• [Given data]
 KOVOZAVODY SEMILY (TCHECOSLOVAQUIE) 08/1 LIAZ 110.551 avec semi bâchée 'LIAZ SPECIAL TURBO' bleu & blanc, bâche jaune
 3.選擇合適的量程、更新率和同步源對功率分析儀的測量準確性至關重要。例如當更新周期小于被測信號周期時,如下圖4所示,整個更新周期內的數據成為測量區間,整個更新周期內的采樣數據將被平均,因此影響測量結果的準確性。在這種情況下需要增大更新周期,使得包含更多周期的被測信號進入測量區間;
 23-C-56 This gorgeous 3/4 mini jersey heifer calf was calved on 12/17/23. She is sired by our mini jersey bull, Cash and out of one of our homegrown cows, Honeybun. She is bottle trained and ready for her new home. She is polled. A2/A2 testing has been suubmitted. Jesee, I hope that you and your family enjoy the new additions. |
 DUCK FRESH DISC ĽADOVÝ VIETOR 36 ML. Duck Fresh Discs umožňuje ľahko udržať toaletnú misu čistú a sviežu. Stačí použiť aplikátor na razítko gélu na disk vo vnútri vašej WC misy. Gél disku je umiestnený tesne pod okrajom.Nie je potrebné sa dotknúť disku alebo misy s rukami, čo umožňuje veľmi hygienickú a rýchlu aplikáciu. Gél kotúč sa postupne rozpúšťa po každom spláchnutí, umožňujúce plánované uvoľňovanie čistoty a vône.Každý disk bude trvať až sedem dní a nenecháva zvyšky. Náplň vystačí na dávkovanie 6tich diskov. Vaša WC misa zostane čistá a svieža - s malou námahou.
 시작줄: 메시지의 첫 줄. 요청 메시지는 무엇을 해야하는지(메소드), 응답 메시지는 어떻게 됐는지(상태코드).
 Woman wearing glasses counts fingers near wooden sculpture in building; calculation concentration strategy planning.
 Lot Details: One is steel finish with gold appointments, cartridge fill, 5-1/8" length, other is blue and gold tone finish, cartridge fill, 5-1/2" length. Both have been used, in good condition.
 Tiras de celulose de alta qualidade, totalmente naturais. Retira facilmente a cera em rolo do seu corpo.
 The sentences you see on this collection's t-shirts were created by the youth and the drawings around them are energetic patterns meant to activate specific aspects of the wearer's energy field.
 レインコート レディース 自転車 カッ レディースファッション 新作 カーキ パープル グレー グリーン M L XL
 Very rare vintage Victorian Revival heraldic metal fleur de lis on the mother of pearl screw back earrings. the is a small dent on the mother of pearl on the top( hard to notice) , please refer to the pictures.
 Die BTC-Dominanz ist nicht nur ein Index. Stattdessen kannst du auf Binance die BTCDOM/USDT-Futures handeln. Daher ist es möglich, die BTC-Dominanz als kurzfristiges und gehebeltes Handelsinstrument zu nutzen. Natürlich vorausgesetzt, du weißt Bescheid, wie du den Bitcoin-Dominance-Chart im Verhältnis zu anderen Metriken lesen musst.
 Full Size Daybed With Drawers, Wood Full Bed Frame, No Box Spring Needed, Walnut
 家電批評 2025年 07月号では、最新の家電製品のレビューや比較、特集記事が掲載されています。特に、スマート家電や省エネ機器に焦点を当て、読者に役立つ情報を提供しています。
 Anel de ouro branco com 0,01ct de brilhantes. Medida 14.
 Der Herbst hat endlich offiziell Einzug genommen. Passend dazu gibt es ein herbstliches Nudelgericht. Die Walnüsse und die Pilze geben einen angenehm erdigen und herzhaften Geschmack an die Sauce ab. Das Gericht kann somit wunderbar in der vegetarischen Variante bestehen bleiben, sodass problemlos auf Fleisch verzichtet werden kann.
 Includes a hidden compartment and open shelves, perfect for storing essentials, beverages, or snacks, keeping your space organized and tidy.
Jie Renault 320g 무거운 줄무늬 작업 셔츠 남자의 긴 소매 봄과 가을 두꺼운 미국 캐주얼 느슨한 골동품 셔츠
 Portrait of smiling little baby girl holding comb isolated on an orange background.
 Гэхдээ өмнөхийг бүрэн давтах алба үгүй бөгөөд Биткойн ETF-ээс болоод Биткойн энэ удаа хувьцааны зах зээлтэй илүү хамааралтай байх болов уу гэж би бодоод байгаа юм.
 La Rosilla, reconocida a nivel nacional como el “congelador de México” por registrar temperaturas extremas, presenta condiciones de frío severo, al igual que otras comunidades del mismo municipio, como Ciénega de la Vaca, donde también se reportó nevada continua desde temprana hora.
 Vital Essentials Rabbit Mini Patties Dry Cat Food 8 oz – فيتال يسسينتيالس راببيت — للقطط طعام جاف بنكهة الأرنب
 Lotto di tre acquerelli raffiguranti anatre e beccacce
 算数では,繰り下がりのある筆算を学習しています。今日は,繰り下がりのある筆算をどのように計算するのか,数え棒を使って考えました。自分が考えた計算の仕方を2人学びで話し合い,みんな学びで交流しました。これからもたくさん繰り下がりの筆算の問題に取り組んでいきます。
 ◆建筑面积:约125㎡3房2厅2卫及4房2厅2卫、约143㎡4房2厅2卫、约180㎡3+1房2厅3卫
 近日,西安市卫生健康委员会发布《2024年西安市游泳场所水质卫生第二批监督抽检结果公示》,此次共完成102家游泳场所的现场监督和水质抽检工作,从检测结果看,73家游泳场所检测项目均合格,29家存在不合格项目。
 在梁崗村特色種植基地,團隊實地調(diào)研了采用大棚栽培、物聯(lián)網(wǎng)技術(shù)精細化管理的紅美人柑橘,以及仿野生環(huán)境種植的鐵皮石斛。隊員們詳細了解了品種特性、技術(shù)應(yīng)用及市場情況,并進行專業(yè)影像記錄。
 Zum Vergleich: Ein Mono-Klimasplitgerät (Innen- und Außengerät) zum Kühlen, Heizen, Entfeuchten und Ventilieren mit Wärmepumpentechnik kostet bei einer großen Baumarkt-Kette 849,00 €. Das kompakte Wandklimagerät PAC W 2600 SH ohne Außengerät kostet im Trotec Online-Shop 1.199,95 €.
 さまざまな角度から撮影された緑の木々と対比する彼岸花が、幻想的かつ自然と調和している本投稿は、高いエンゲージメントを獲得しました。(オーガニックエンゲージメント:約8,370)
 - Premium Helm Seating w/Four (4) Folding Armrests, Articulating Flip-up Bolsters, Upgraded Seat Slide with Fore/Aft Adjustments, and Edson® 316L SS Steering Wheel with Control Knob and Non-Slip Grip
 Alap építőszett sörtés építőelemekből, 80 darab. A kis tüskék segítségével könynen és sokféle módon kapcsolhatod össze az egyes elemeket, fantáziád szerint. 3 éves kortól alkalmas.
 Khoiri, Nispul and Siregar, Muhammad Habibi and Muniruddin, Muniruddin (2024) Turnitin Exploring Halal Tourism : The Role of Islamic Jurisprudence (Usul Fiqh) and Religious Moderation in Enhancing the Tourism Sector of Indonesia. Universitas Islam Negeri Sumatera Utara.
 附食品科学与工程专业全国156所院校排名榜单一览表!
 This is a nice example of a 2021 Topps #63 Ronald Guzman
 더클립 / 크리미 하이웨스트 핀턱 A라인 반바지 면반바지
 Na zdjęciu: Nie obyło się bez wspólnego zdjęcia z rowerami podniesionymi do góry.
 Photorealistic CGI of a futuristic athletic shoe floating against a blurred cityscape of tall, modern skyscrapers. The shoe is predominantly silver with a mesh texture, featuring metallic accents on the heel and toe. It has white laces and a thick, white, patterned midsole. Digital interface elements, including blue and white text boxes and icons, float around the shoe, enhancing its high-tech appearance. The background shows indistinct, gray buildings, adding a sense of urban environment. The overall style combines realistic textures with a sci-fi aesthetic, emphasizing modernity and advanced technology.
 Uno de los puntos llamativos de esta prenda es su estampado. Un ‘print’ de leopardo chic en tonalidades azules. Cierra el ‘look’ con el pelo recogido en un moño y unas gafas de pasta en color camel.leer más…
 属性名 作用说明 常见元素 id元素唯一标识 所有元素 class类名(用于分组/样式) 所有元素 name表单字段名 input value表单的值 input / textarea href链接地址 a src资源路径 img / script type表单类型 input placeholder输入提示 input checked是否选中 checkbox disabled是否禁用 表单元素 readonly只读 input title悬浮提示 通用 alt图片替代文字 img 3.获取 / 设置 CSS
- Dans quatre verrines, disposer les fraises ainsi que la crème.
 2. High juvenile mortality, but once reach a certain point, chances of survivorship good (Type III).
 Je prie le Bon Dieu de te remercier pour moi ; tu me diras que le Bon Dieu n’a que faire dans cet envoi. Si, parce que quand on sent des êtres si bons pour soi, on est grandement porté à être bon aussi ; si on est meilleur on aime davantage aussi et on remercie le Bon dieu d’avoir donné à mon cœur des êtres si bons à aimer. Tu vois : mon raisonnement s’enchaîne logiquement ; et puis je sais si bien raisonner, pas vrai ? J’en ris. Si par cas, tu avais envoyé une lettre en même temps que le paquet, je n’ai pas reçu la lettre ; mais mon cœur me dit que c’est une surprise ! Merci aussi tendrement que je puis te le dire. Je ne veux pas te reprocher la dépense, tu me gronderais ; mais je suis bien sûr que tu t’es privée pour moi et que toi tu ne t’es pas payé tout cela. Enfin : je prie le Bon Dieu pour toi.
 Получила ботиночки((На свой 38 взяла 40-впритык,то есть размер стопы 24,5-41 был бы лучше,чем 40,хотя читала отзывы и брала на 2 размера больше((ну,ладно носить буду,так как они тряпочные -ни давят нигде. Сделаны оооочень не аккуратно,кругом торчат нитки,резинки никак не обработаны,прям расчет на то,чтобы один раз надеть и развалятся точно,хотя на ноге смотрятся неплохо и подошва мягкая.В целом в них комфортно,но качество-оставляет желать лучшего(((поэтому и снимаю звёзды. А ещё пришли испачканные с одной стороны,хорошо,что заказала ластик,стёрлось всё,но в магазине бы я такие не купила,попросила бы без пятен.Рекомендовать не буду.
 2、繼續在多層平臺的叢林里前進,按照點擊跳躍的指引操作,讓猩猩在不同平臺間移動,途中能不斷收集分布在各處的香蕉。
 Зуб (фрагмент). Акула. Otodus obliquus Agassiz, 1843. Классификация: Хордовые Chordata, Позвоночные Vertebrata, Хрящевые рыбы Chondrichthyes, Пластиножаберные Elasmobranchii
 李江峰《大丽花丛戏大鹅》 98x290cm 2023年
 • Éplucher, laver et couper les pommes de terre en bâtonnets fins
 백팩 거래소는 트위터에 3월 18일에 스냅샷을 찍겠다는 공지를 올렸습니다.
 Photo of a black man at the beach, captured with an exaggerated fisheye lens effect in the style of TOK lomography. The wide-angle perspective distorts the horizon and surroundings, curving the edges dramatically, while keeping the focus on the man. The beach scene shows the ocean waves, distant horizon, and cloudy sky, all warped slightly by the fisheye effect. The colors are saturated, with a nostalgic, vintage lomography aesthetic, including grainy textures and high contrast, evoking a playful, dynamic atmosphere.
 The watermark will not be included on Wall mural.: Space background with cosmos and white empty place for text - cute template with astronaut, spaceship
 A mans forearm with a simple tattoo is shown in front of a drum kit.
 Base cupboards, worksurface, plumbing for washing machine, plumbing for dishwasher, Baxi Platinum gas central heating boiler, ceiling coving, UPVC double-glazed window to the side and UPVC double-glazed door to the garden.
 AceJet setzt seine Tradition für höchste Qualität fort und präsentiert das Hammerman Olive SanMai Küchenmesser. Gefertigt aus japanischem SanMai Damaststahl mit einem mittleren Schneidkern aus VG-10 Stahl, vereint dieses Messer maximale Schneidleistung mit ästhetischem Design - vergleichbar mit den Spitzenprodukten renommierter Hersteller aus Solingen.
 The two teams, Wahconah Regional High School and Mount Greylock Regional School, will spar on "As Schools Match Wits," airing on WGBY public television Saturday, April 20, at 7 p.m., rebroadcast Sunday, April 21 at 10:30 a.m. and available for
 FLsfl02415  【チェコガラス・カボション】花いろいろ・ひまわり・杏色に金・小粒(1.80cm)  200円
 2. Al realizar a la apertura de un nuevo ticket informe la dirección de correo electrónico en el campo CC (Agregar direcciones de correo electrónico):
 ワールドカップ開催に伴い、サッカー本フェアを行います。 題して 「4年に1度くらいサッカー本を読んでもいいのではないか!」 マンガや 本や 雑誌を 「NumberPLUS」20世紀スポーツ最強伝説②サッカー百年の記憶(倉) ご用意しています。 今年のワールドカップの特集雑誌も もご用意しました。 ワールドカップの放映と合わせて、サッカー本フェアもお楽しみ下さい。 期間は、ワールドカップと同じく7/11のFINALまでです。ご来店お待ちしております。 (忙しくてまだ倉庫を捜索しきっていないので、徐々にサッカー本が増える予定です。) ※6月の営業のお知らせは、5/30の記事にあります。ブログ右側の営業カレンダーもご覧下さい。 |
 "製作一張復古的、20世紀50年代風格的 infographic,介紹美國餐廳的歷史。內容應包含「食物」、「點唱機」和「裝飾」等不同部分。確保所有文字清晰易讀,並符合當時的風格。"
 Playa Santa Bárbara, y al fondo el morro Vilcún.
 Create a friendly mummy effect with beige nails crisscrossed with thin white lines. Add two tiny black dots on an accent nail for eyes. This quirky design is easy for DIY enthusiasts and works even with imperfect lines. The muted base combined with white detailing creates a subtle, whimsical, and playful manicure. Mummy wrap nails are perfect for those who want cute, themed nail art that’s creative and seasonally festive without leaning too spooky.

• [Directions]
Set down, exactly as they stand above, the lines starting with the line with "Khoiri, Nispul and" and going on through the line with "2. High juvenile", and no others.

• [Task output]
 Khoiri, Nispul and Siregar, Muhammad Habibi and Muniruddin, Muniruddin (2024) Turnitin Exploring Halal Tourism : The Role of Islamic Jurisprudence (Usul Fiqh) and Religious Moderation in Enhancing the Tourism Sector of Indonesia. Universitas Islam Negeri Sumatera Utara.
 附食品科学与工程专业全国156所院校排名榜单一览表!
 This is a nice example of a 2021 Topps #63 Ronald Guzman
 더클립 / 크리미 하이웨스트 핀턱 A라인 반바지 면반바지
 Na zdjęciu: Nie obyło się bez wspólnego zdjęcia z rowerami podniesionymi do góry.
 Photorealistic CGI of a futuristic athletic shoe floating against a blurred cityscape of tall, modern skyscrapers. The shoe is predominantly silver with a mesh texture, featuring metallic accents on the heel and toe. It has white laces and a thick, white, patterned midsole. Digital interface elements, including blue and white text boxes and icons, float around the shoe, enhancing its high-tech appearance. The background shows indistinct, gray buildings, adding a sense of urban environment. The overall style combines realistic textures with a sci-fi aesthetic, emphasizing modernity and advanced technology.
 Uno de los puntos llamativos de esta prenda es su estampado. Un ‘print’ de leopardo chic en tonalidades azules. Cierra el ‘look’ con el pelo recogido en un moño y unas gafas de pasta en color camel.leer más…
 属性名 作用说明 常见元素 id元素唯一标识 所有元素 class类名(用于分组/样式) 所有元素 name表单字段名 input value表单的值 input / textarea href链接地址 a src资源路径 img / script type表单类型 input placeholder输入提示 input checked是否选中 checkbox disabled是否禁用 表单元素 readonly只读 input title悬浮提示 通用 alt图片替代文字 img 3.获取 / 设置 CSS
- Dans quatre verrines, disposer les fraises ainsi que la crème.
 2. High juvenile mortality, but once reach a certain point, chances of survivorship good (Type III).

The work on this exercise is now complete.